● **DATASET CONTENT**
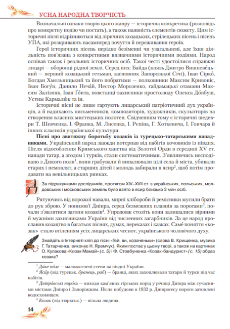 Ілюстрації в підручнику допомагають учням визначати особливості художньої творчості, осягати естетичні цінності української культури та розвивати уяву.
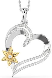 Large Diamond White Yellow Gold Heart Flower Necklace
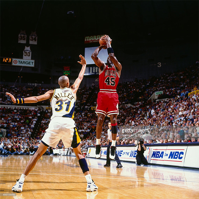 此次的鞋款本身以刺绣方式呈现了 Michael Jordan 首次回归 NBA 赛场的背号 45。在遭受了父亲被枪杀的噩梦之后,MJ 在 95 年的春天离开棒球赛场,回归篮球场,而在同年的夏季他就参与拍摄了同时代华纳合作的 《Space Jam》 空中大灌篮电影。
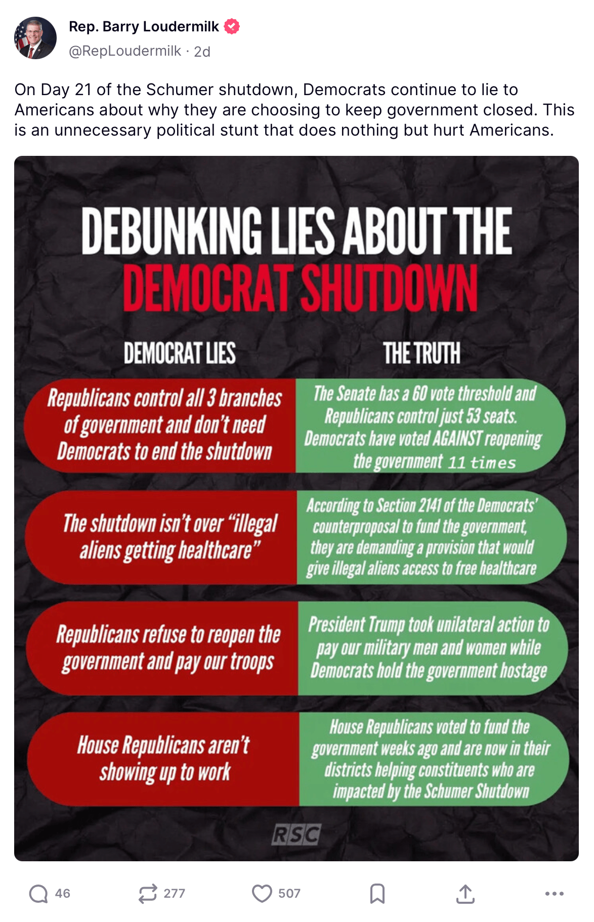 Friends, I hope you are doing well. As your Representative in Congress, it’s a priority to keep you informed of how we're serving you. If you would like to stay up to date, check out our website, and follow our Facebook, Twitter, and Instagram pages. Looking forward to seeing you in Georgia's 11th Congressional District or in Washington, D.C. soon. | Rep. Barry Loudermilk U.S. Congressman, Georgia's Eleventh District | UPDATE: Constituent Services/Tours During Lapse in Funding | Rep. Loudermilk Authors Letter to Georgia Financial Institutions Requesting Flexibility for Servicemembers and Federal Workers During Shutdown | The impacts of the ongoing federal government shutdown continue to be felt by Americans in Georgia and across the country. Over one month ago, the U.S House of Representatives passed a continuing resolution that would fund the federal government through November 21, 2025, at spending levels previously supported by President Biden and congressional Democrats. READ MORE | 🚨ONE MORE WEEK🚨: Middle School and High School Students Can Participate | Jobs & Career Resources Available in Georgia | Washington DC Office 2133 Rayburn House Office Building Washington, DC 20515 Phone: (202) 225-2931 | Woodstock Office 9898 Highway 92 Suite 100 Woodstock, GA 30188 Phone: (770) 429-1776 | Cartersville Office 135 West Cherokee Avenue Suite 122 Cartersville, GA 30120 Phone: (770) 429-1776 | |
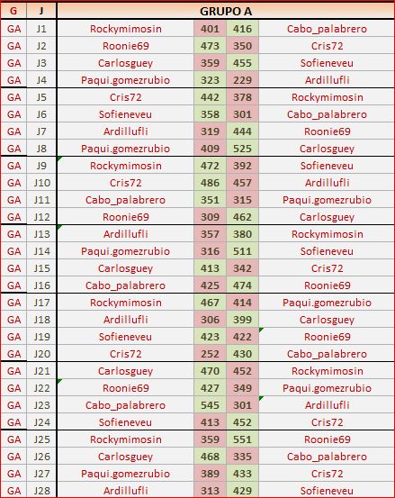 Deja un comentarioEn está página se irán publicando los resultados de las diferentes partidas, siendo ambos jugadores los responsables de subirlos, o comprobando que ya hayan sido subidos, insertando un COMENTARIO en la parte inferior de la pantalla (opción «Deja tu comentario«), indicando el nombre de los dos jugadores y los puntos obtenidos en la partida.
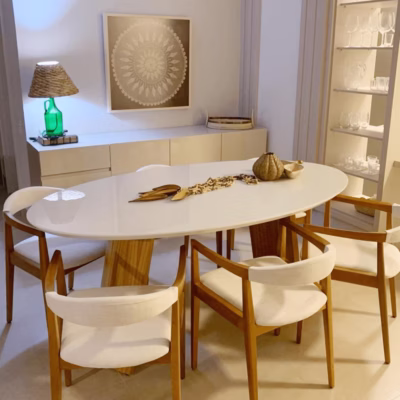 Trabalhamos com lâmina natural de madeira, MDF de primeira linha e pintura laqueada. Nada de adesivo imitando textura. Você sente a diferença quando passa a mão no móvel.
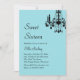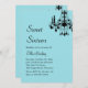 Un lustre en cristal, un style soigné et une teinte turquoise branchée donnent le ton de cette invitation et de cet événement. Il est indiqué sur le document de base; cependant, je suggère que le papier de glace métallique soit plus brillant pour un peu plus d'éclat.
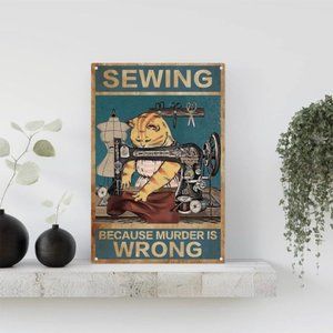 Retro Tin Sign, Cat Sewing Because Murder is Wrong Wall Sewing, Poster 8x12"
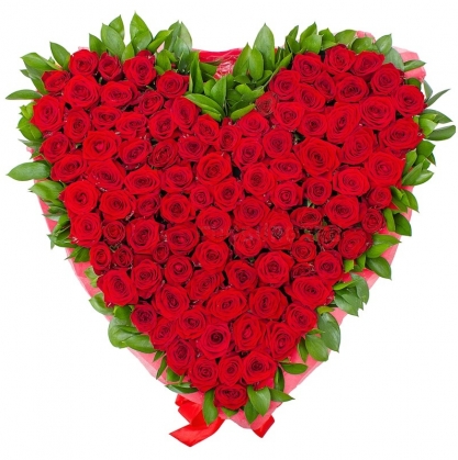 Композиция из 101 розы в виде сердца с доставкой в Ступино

● **PROBLEM DESCRIPTION**
Everything in the entries must be written out exactly; the pictures stay out.

● **ANSWER TO THE PROBLEM**
 Ілюстрації в підручнику допомагають учням визначати особливості художньої творчості, осягати естетичні цінності української культури та розвивати уяву.
 Large Diamond White Yellow Gold Heart Flower Necklace
 此次的鞋款本身以刺绣方式呈现了 Michael Jordan 首次回归 NBA 赛场的背号 45。在遭受了父亲被枪杀的噩梦之后,MJ 在 95 年的春天离开棒球赛场,回归篮球场,而在同年的夏季他就参与拍摄了同时代华纳合作的 《Space Jam》 空中大灌篮电影。
 Friends, I hope you are doing well. As your Representative in Congress, it’s a priority to keep you informed of how we're serving you. If you would like to stay up to date, check out our website, and follow our Facebook, Twitter, and Instagram pages. Looking forward to seeing you in Georgia's 11th Congressional District or in Washington, D.C. soon. | Rep. Barry Loudermilk U.S. Congressman, Georgia's Eleventh District | UPDATE: Constituent Services/Tours During Lapse in Funding | Rep. Loudermilk Authors Letter to Georgia Financial Institutions Requesting Flexibility for Servicemembers and Federal Workers During Shutdown | The impacts of the ongoing federal government shutdown continue to be felt by Americans in Georgia and across the country. Over one month ago, the U.S House of Representatives passed a continuing resolution that would fund the federal government through November 21, 2025, at spending levels previously supported by President Biden and congressional Democrats. READ MORE | 🚨ONE MORE WEEK🚨: Middle School and High School Students Can Participate | Jobs & Career Resources Available in Georgia | Washington DC Office 2133 Rayburn House Office Building Washington, DC 20515 Phone: (202) 225-2931 | Woodstock Office 9898 Highway 92 Suite 100 Woodstock, GA 30188 Phone: (770) 429-1776 | Cartersville Office 135 West Cherokee Avenue Suite 122 Cartersville, GA 30120 Phone: (770) 429-1776 | |
 Deja un comentarioEn está página se irán publicando los resultados de las diferentes partidas, siendo ambos jugadores los responsables de subirlos, o comprobando que ya hayan sido subidos, insertando un COMENTARIO en la parte inferior de la pantalla (opción «Deja tu comentario«), indicando el nombre de los dos jugadores y los puntos obtenidos en la partida.
 Trabalhamos com lâmina natural de madeira, MDF de primeira linha e pintura laqueada. Nada de adesivo imitando textura. Você sente a diferença quando passa a mão no móvel.
 Un lustre en cristal, un style soigné et une teinte turquoise branchée donnent le ton de cette invitation et de cet événement. Il est indiqué sur le document de base; cependant, je suggère que le papier de glace métallique soit plus brillant pour un peu plus d'éclat.
 Retro Tin Sign, Cat Sewing Because Murder is Wrong Wall Sewing, Poster 8x12"
 Композиция из 101 розы в виде сердца с доставкой в Ступино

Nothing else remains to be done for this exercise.